This precinct will form the “front door” or entrance to TRX for visitors and will seamlessly integrate a multi-layered 13-acre central park together with the MRT station, a high-end shopping mall with a total space of 2 million square feet, three residential towers atop the mall and two hotel blocks.

It was speculated that retail tenants in the the Lifestyle Quarter may include American upscale fashion retailer Nordstrom, a Jamie Oliver restaurant and Japanese retail giant Takashimaya. Interested parties for the Lifestyle Quarter's hotel blocks had also been narrowed down to a few luxury brands, including Chimera, Rosewood Hotels and Resorts, and Hilton-owned Waldorf Astoria.

The Lifestyle Quarter, valued at over RM8 billion upon completion, will be designed by London firm Grimshaw Architects, an agency that has worked on New York's Fulton Center, the city's newest transit hub.

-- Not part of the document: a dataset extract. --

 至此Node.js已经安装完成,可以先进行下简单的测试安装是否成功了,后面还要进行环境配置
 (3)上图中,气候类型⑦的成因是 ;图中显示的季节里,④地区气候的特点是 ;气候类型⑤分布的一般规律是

To recap back in April 2013, 1MDB awarded its first package of earthworks to WCT. In September 2014, 1MDB signed a 20-year concession agreement with Veolia Water Technologies Southeast Asia for wastewater treatment and recycled water supply in TRX.

More recently, government-linked property developer Malaysian Resources Corporation Berhad (MRCB) surprised the market when it won the deal to buy the 1.86-acre German Embassy Land at Jalan Kia Peng for RM3,188 psf, or RM259.1 million.

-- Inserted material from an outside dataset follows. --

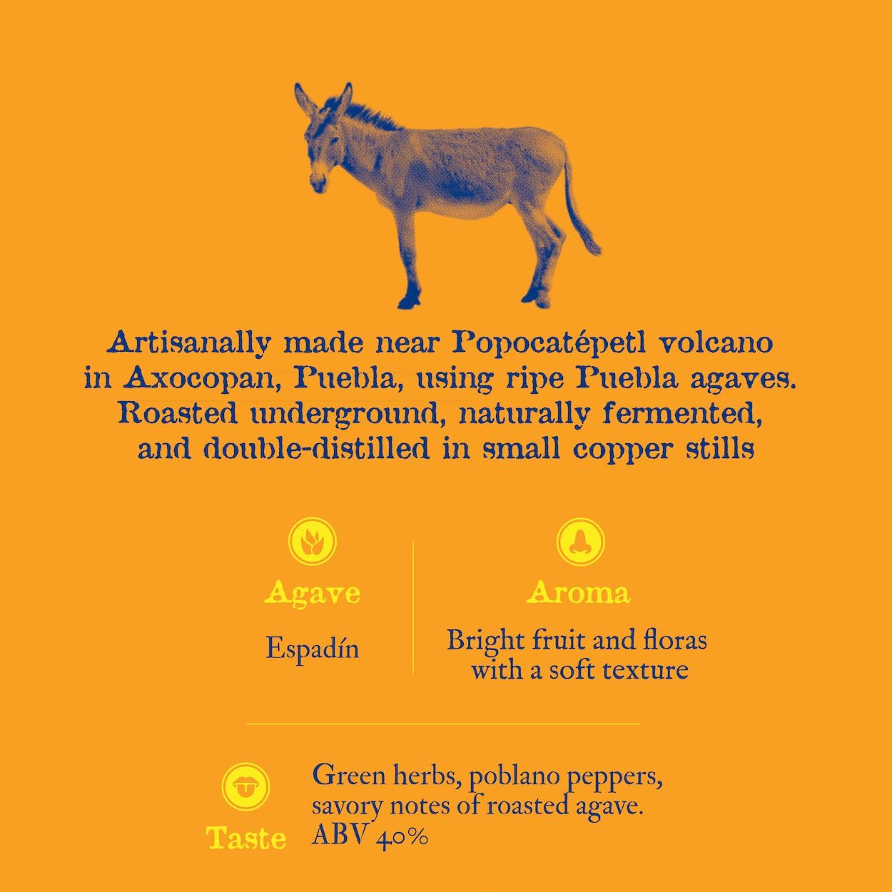 - Ripe agaves from Puebla are roasted underground, naturally fermented and twice distilled in small copper stills

Singapore listed property developer, Oxley Holdings Ltd bought a 3.42-acre piece of freehold land in Jalan Ampang for RM3,325 psf, or RM446.7 million in November 2013. The following month saw KSK Land Sdn Bhd buying a 3.95-acre freehold parcel at Jalan Conlay for RM3,299 psf.

In September 2010, Urusharta Cemerlang Sdn Bhd, whose parent company owns the Pavilion KL shopping mall, bought a tiny strip of leasehold land in front of the mall from Singapore billionaire Kwek Leng Beng for a record price of RM7,209 psf.